### Given data
=====
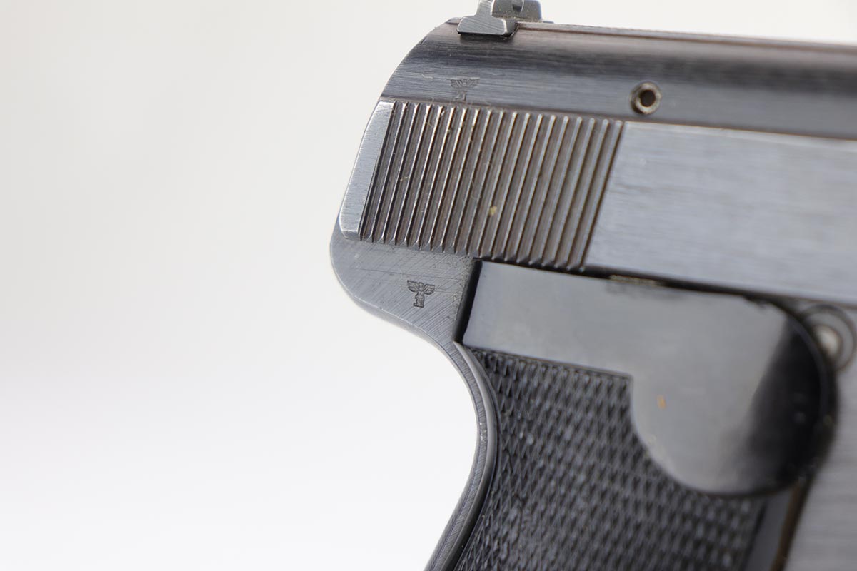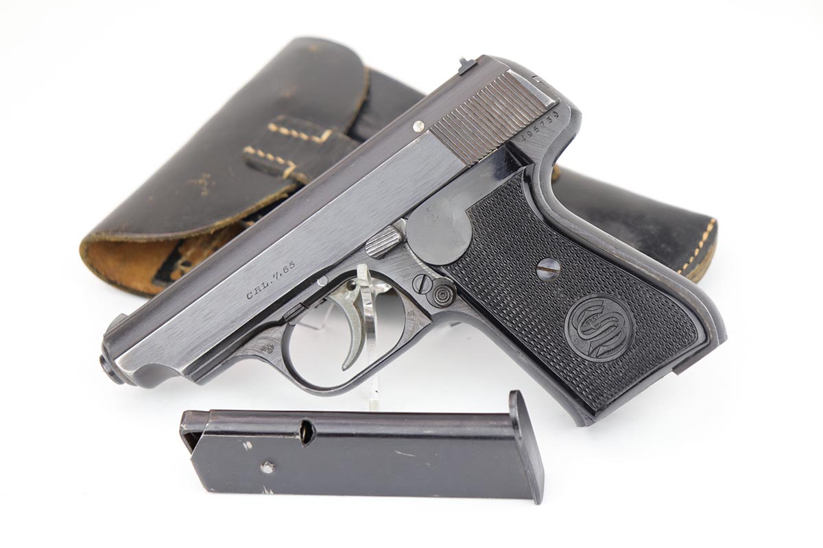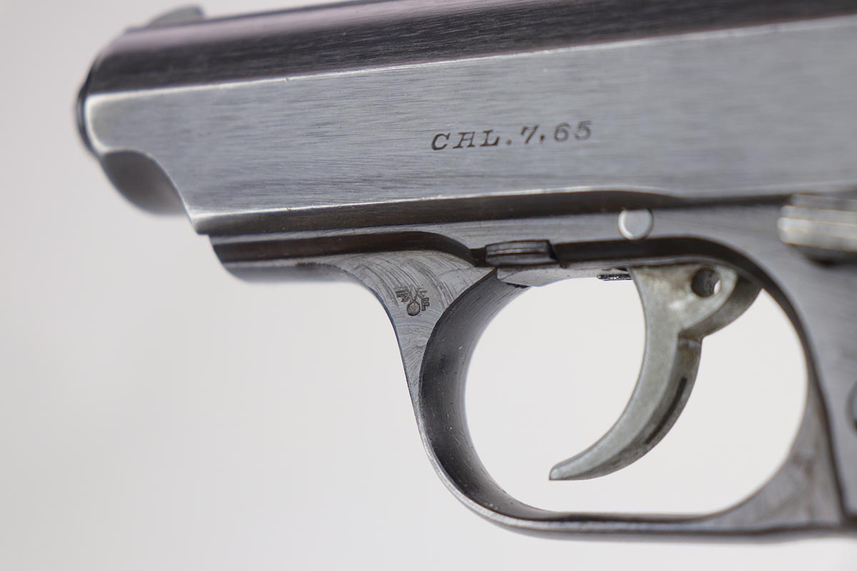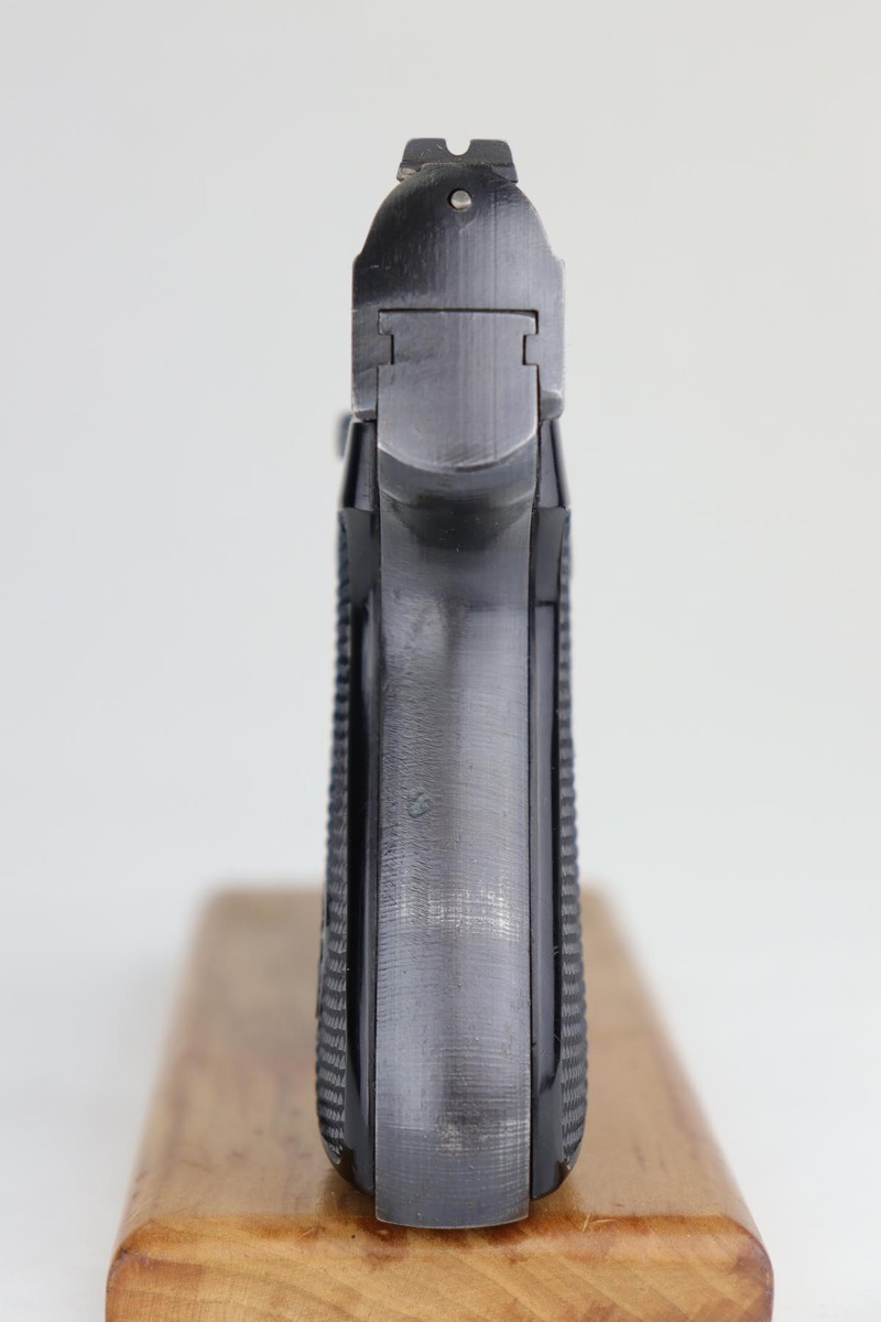 3/5/20 – This is a very nice example of a rare Police Sauer 38h. It’s one of only 7,500 produced with Eagle over F marking on frame, which makes it the most rare Police Sauer 38h variation. It has 96-97% military blue left, with standard muzzle wear on each side, and a bit of thinning on the trigger guard and back strap. Mint bore and nice grips, though they do show some handling wear, mostly on the right panel. Comes with a police style holster.
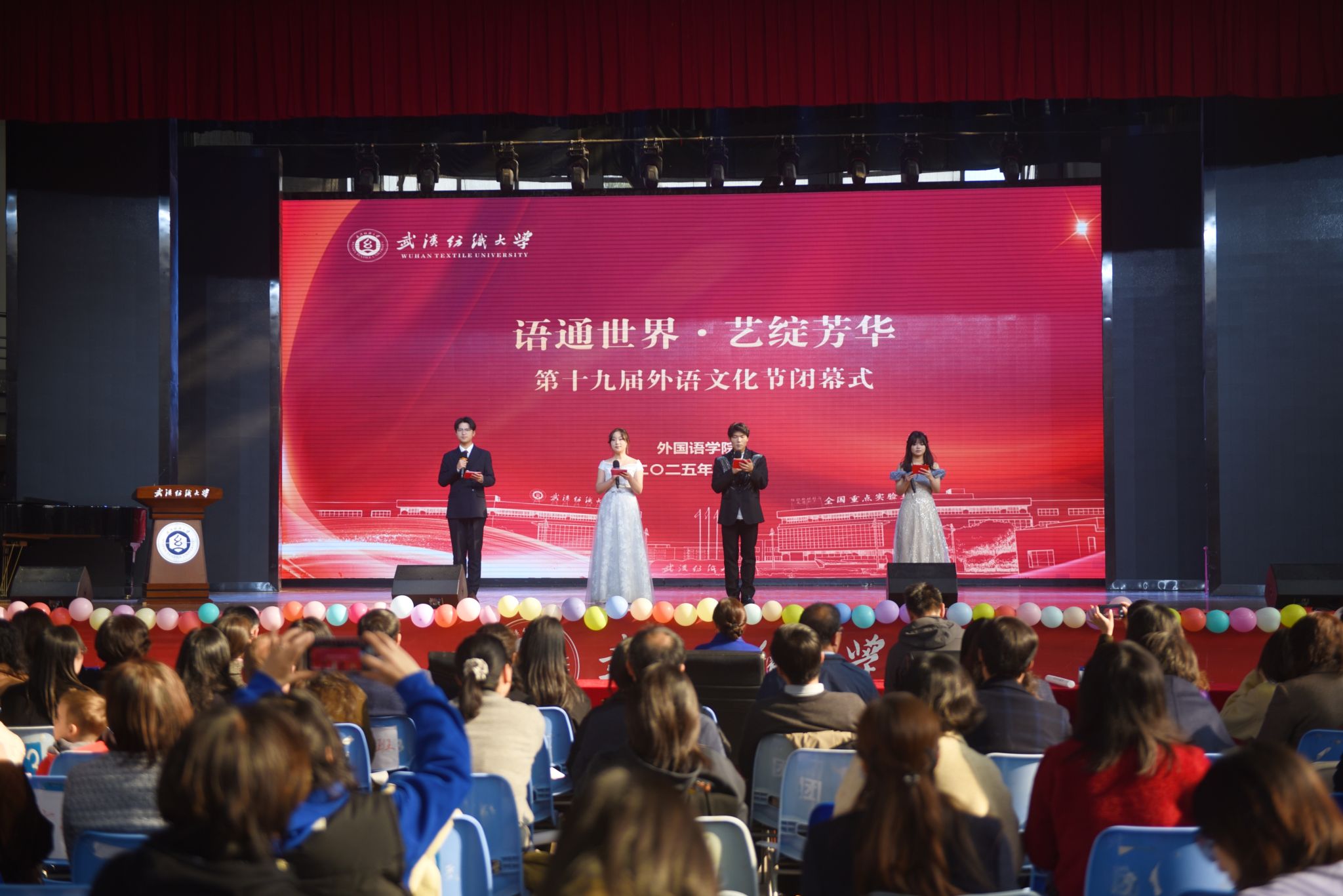 12月11日下午,以“语通世界·艺绽芳华”为主题的第十九届外语文化节闭幕式在阳光校区大学生活动中心举行。外语文化节自2007年创办以来,历经十九载积淀,已成为我校校园文化建设的一张亮丽名片,并于“十四五”期间获列为校园文化重点立项建设项目。学校学生工作部、研究生院、团委、国际交流与合作处相关负责人,必赢76net线路全体师生和800余名观众齐聚现场,共同见证这场融合语言、艺术与人文情怀的校园文化盛会。
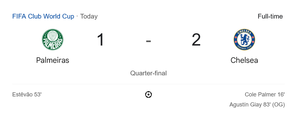 จบเกมการแข่งขันอันสุดมันส์ เชลซีเฉือนชนะพัลไมรัสไปด้วยสกอร์ 2-1 ผ่านเข้าสู่รอบรองชนะเลิศได้สำเร็จในรายการ FIFA Club World Cup เกมนี้โชว์ให้เห็นถึงความนิ่งของเชลซีในจังหวะสำคัญ บวกกับความผิดพลาดเล็กน้อยของพัลไมรัสที่ทำเข้าประตูตัวเองในช่วงท้าย เรียกได้ว่าเป็นเกมที่เต็มไปด้วยความเร็ว ความกดดัน และอารมณ์แฟนบอลแบบสุดขีดจริงๆ ติดตามผลบอลสดและความมันส์แบบนี้ต่อได้ทุกวัน ที่ บ้านกีฬา!
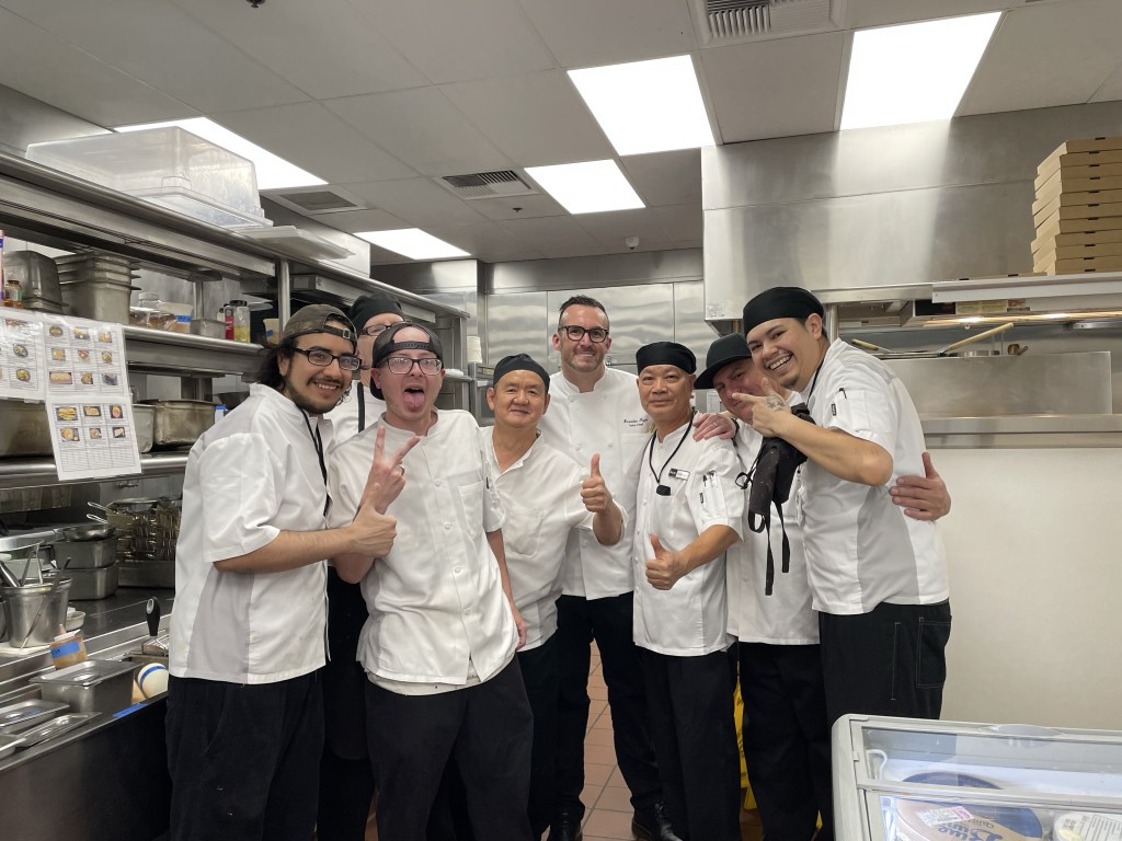 BOOM! the kitchen doors swing open, in comes the chef riding on her broom. Cooks that aren’t busy on a task, grab a rag and start wiping already clean counters. Everyone avoids eye contact with her to steer clear of a deathly look.
=====
### Task details
Print the full listing again exactly, and drop every image from it.

### Task solution
 3/5/20 – This is a very nice example of a rare Police Sauer 38h. It’s one of only 7,500 produced with Eagle over F marking on frame, which makes it the most rare Police Sauer 38h variation. It has 96-97% military blue left, with standard muzzle wear on each side, and a bit of thinning on the trigger guard and back strap. Mint bore and nice grips, though they do show some handling wear, mostly on the right panel. Comes with a police style holster.
 12月11日下午,以“语通世界·艺绽芳华”为主题的第十九届外语文化节闭幕式在阳光校区大学生活动中心举行。外语文化节自2007年创办以来,历经十九载积淀,已成为我校校园文化建设的一张亮丽名片,并于“十四五”期间获列为校园文化重点立项建设项目。学校学生工作部、研究生院、团委、国际交流与合作处相关负责人,必赢76net线路全体师生和800余名观众齐聚现场,共同见证这场融合语言、艺术与人文情怀的校园文化盛会。
 จบเกมการแข่งขันอันสุดมันส์ เชลซีเฉือนชนะพัลไมรัสไปด้วยสกอร์ 2-1 ผ่านเข้าสู่รอบรองชนะเลิศได้สำเร็จในรายการ FIFA Club World Cup เกมนี้โชว์ให้เห็นถึงความนิ่งของเชลซีในจังหวะสำคัญ บวกกับความผิดพลาดเล็กน้อยของพัลไมรัสที่ทำเข้าประตูตัวเองในช่วงท้าย เรียกได้ว่าเป็นเกมที่เต็มไปด้วยความเร็ว ความกดดัน และอารมณ์แฟนบอลแบบสุดขีดจริงๆ ติดตามผลบอลสดและความมันส์แบบนี้ต่อได้ทุกวัน ที่ บ้านกีฬา!
 BOOM! the kitchen doors swing open, in comes the chef riding on her broom. Cooks that aren’t busy on a task, grab a rag and start wiping already clean counters. Everyone avoids eye contact with her to steer clear of a deathly look.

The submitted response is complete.